NEW YORK -- The air thick with dust and tinged with bitter smoke, a city still patching together phone lines and electricity battled to get back to business for today's reopening of Wall Street. The New York Stock Exchange and the Mercantile Exchange, as well as City Hall and other government buildings and courthouses, are to reopen today, even as much of lower Manhattan remains inaccessible...

By Timothy Williams, The Associated Press

NEW YORK -- The air thick with dust and tinged with bitter smoke, a city still patching together phone lines and electricity battled to get back to business for today's reopening of Wall Street.

The New York Stock Exchange and the Mercantile Exchange, as well as City Hall and other government buildings and courthouses, are to reopen today, even as much of lower Manhattan remains inaccessible.
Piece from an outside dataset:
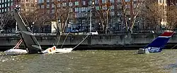 ![]() O Airbus A320 flutuando no rio Hudson. | |

"We think we're ready for it," Mayor Rudolph Giuliani said Sunday. "Some of it obviously ... is trial and error." Investors anxiously awaited the markets' reopening.

Five days after two hijacked commercial jetliners brought down the World Trade Center, parts of the island's southern tip are still without electricity or telephone service. Streets are crisscrossed with heavy utility cables and portable generators stand on sidewalks.

The Wall Street subway station is closed, and only subways on the east side of downtown Manhattan will run at all. A new ferry service will carry passengers across the East River from Brooklyn. Streets are closed to vehicles and some thoroughfares are blocked altogether.

Even so, Giuliani has made reopening the area -- home to the city's financial and government sectors -- a priority. The New York Stock Exchange had a successful test Saturday of its computer and communications systems.

The computerized Nasdaq Stock Market, which doesn't have a trading floor as the NYSE does on Wall Street, said it had also conducted a successful test of its systems.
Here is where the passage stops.